The greatest mistake of all religions is their claim to omniscience; true spirituality begins with the humility to admit, "I don't know.

— Osho
According to Osho, the most fundamental mistake of all religions is their pretence of omniscience—their refusal to admit 'we don't know.' To protect authority and priestly power, they claim total knowledge, turning living inquiry into dogma. True religion, like science, requires humility before the unknown and unknowable, fostering exploration of inner truth rather than inherited beliefs.

Religions go wrong when they act like they know everything instead of honestly admitting uncertainty and guiding people to discover truth themselves.

In His Own Words

From the Discourses

Passages where Osho speaks to this question — each links to the complete discourse.
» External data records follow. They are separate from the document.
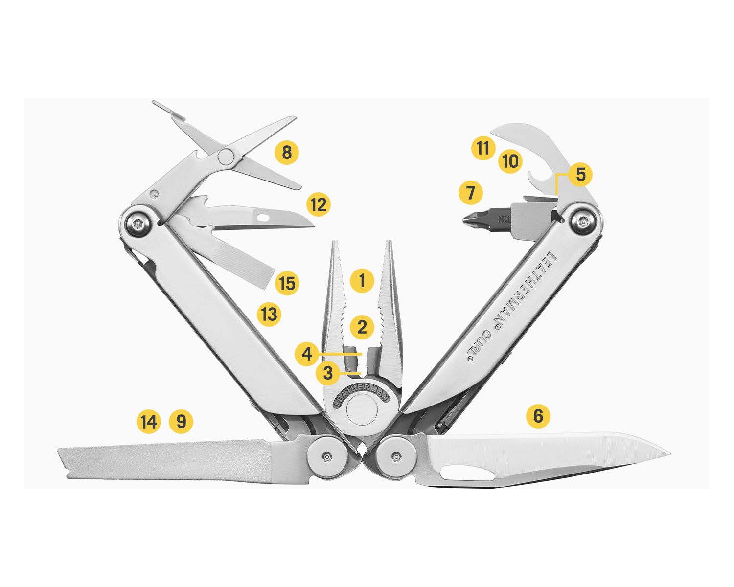Classique et performant. Le Curl regorge de fonctionnalités emblématiques de Leatherman, tout en restant adapté aux utilisateurs novices. Il est équipé de 15 outils différents, dont une lame de couteau ultra-tranchante accessible d’une seule main, des ciseaux à ressort et de notre prise pour embouts personnalisable.
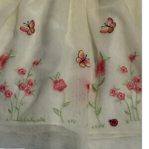 Features: Embroidery, butterflies, ladybugs, full skirt, ribbon waist
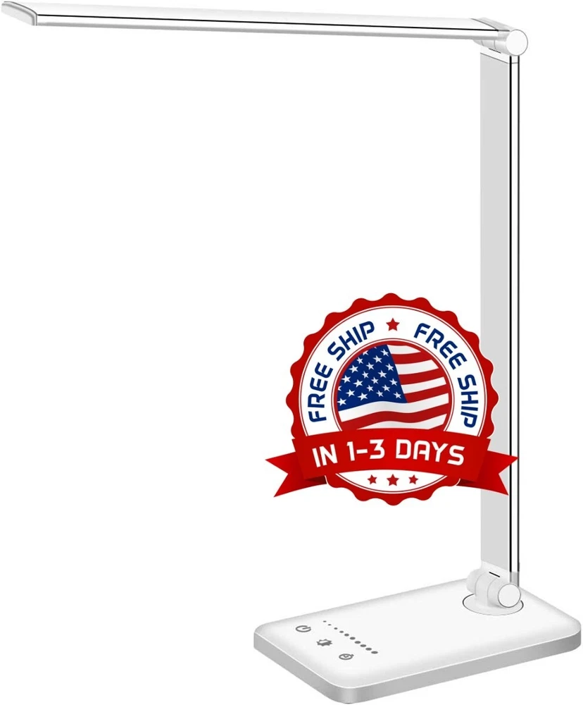 Lámpara de escritorio LED agradable a la vista. Temporizador de apagado automático. Disponible para la compra: plata/negro/rosa/plata Temporizador de apagado automático de 30/60 minutos Modelo plus: La lámpara de escritorio led con cargador inalámbrico. Cargue sin problemas su teléfono o auriculares colocándolos en el centro de la plataforma de carga.
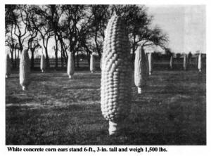 It took about two months to create the 1,500-lb. ears of corn. Three rubber molds with different kernel patterns were used, and the concrete was poured in Dalton, Ga. The ears were shipped to Dublin on three flatbeds. They were erected and painted white last fall.
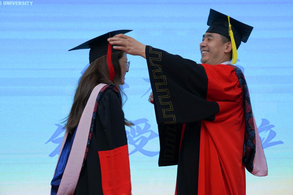 学位授予仪式环节,苏玉波,燕连福,副院长、崇实书院院务副主任陈建兵,张丹与毕业生导师,共同为毕业生颁授学位证书并发放纪念品。2022届毕业生依序上台拨穗正冠,接受祝贺,为在校求学的经历画上完美句号。
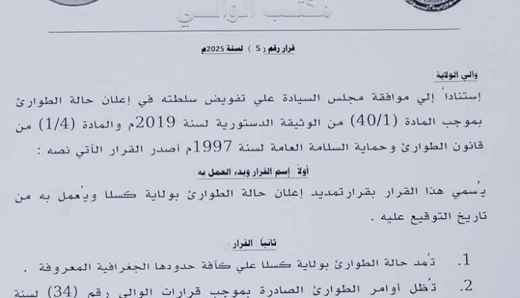 اصدر والي كسلا المكلف اللواء ركن معاش الصادق محمد الازرق القرار رقم(5) لسنة 2025 والذي قضي بتمديد حالة الطوارئ بولاية كسلا بكافة حدودها الجغرافية المعروفة.
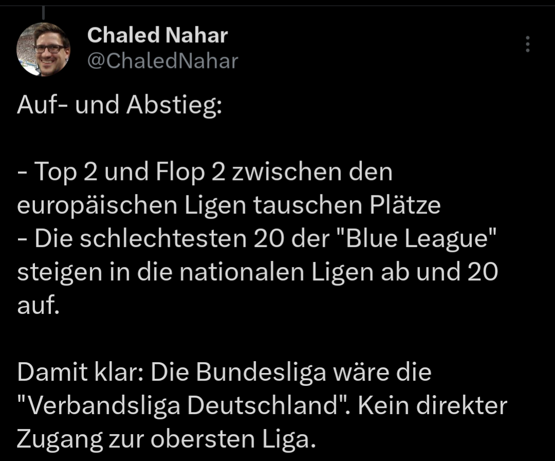 Dass man diesen Bumms echt weiterhin „European“ Super League nennt. Als ob da ohne die Saudi Vereine was laufen wird. Und wenn diese Grenze erstmal geknackt wurde dann steht auch anderen Nationen nichts im Wege - solange man Geld hat, natürlich. Austragungsorte in den USA, China und Arabien inkl.

From Ignorance To Innocence · Discourse 11
1984-12-09 · Lao Tzu Grove · English

Osho, are you against all the religions? What is their most fundamental mistake?

We have come very late; there was nobody present as an eyewitness. And there is no way for us to separate ourselves completely from existence and become just an observer. We live, we breathe, we exist with existence -- we cannot separate ourselves from it. The moment we are separate, we are dead. And without being separate, just a watcher, with no involvement, with no attachment, you cannot know the ultimate mystery; hence it is impossible. There will remain something always unknowable. Yes, it can be felt, but it cannot be known. Perhaps it can be experienced in different ways -- not like knowledge. You fall in love -- can you say you know love? It seems to be a totally different phenomenon. You feel it. If you try to know it, perhaps it will evaporate in your hands. You cannot reduce it to knowing. You cannot make it an…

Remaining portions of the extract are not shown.